ACTIVITY »
Below this line are records; write out exactly the lines from the one containing "遠くの照明で照らされているク" through the one containing "Аккумулятор для роутера", with the pictures left out.

TASK INPUTS »
☆ ☆ ☆
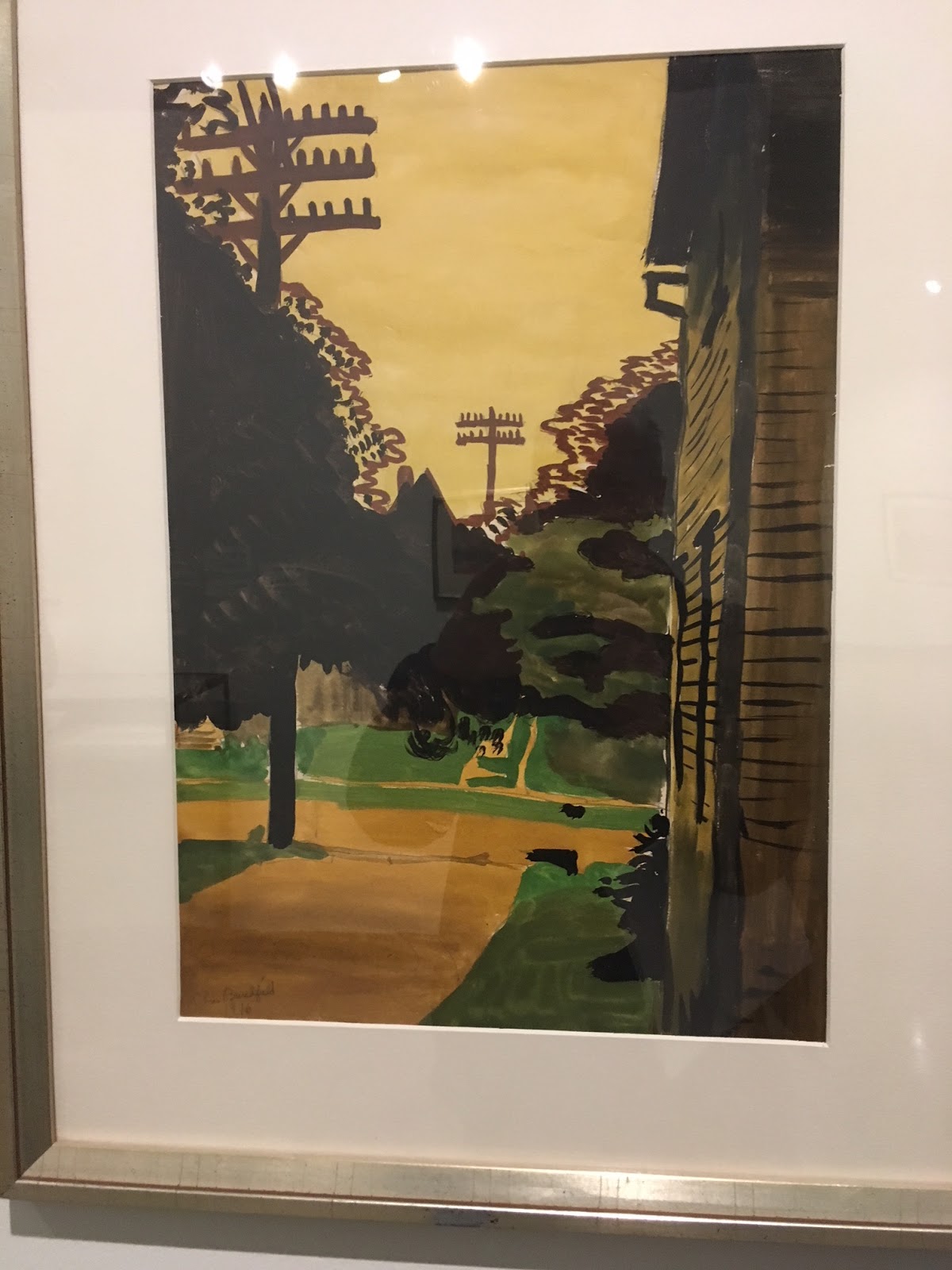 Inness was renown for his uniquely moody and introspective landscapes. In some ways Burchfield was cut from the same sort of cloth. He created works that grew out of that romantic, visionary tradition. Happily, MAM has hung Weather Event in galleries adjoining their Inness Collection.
☆ ☆ ☆
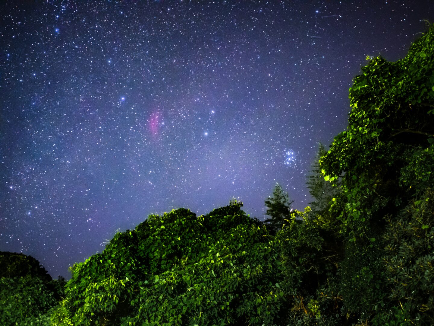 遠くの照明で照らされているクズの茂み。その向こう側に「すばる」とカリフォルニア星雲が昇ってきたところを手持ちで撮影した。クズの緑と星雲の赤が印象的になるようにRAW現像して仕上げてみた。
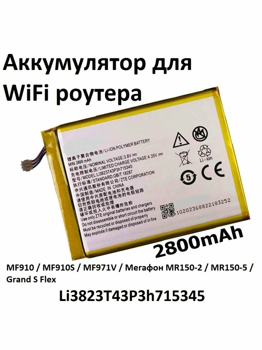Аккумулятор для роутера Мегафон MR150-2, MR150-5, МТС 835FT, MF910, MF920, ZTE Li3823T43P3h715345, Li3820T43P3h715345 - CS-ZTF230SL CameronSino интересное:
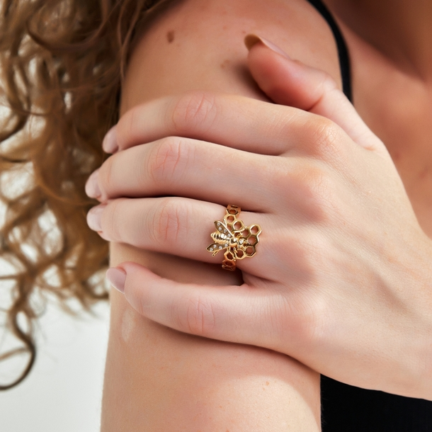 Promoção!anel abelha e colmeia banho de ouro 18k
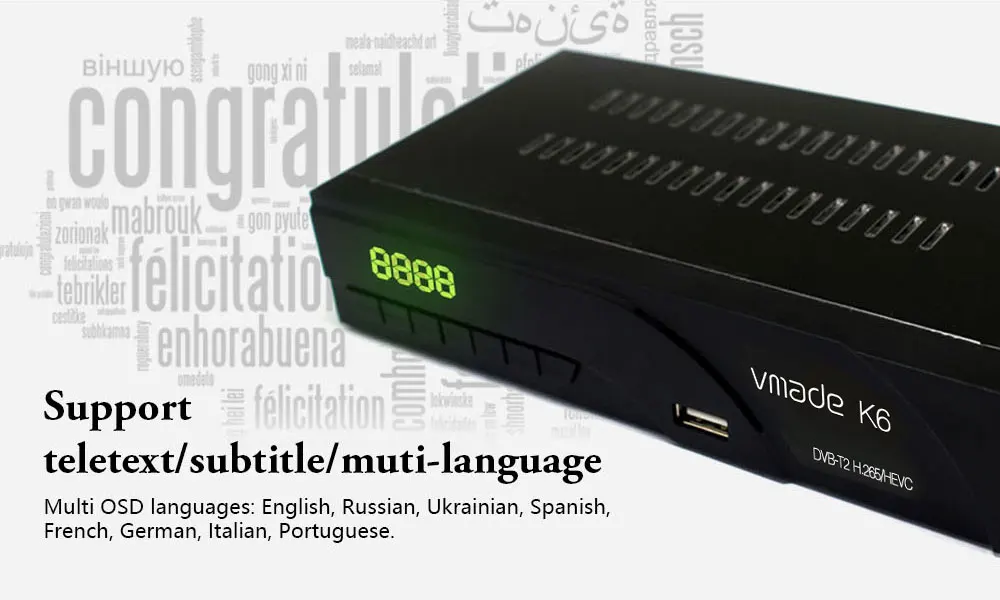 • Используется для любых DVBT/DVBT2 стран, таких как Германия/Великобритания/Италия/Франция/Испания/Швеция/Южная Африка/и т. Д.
☆ ☆ ☆
ANSWER SECTION »
 遠くの照明で照らされているクズの茂み。その向こう側に「すばる」とカリフォルニア星雲が昇ってきたところを手持ちで撮影した。クズの緑と星雲の赤が印象的になるようにRAW現像して仕上げてみた。
Аккумулятор для роутера Мегафон MR150-2, MR150-5, МТС 835FT, MF910, MF920, ZTE Li3823T43P3h715345, Li3820T43P3h715345 - CS-ZTF230SL CameronSino интересное:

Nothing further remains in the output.